## Problem requirements
From the records, report how many lines hold the word "Necklace", with the number as the sole reply.

## The records
BEGIN
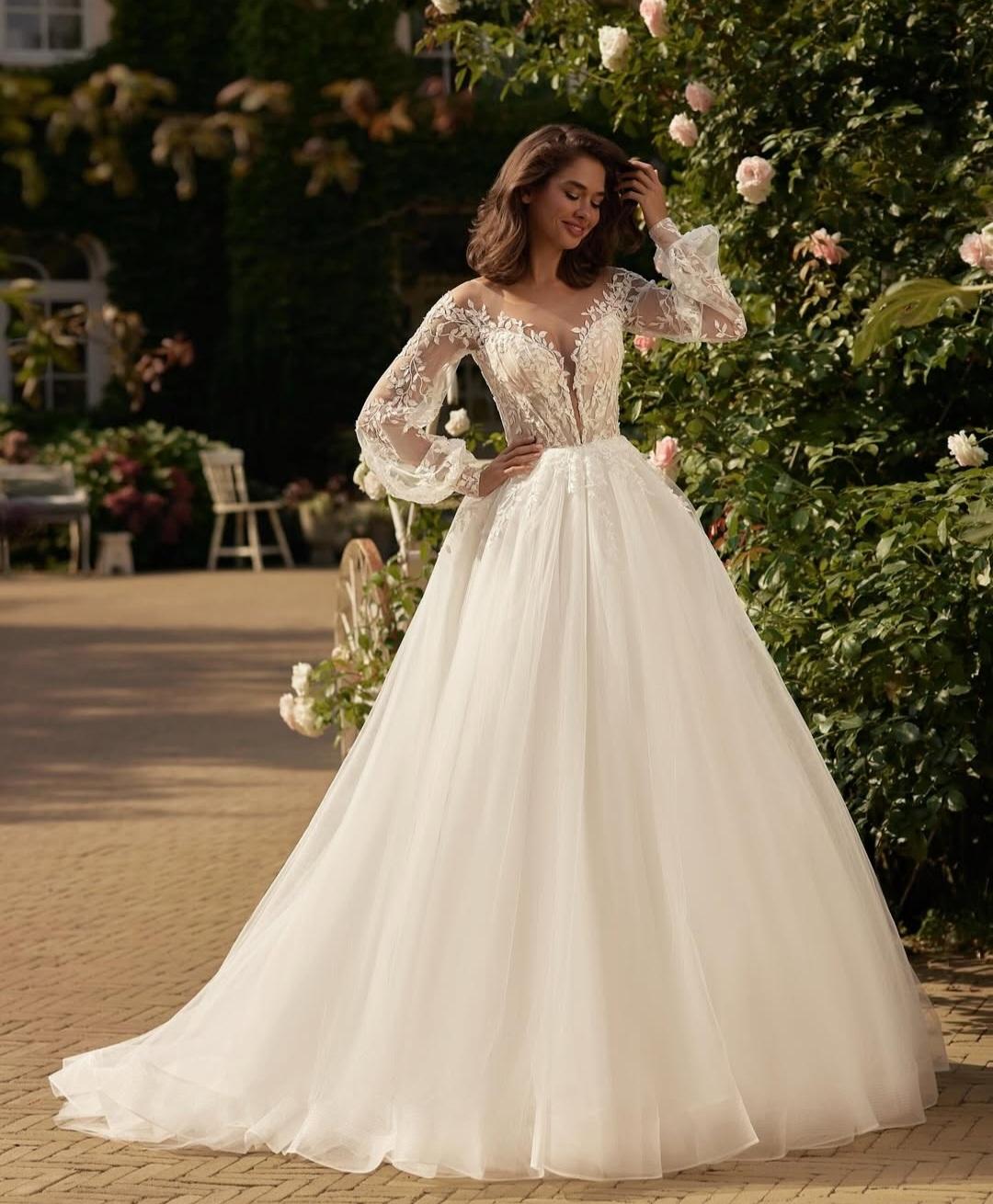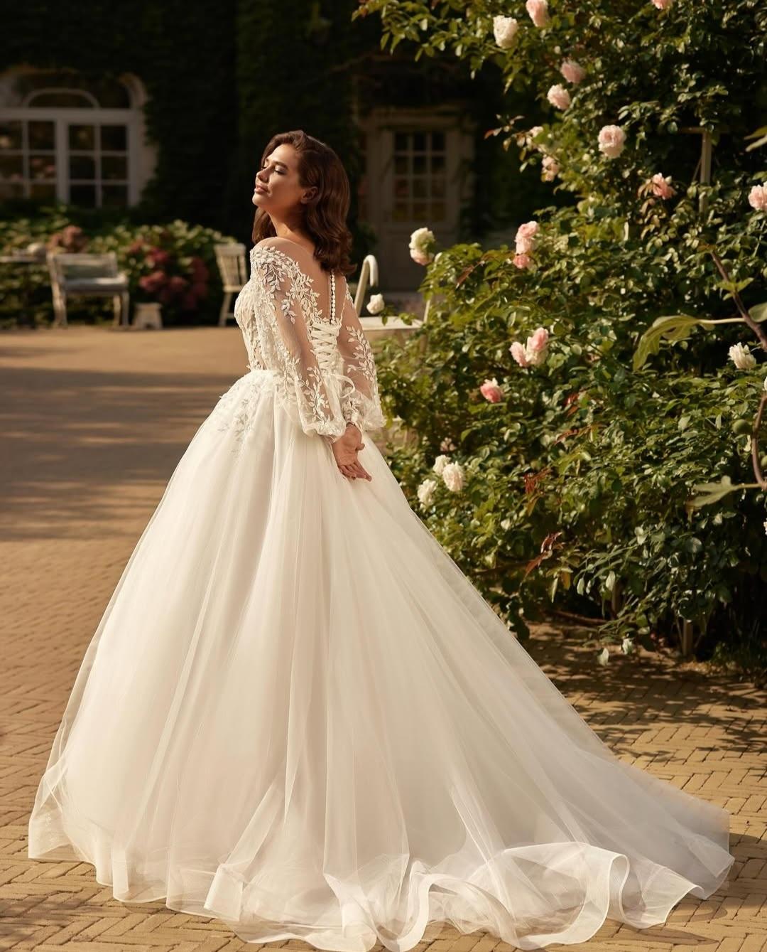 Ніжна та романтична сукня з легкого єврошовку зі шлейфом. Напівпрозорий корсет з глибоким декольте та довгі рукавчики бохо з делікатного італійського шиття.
END
BEGIN
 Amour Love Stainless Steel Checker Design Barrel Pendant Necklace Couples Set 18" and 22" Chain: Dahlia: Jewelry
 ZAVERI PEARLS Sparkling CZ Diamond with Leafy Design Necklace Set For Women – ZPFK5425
END
## Written response
2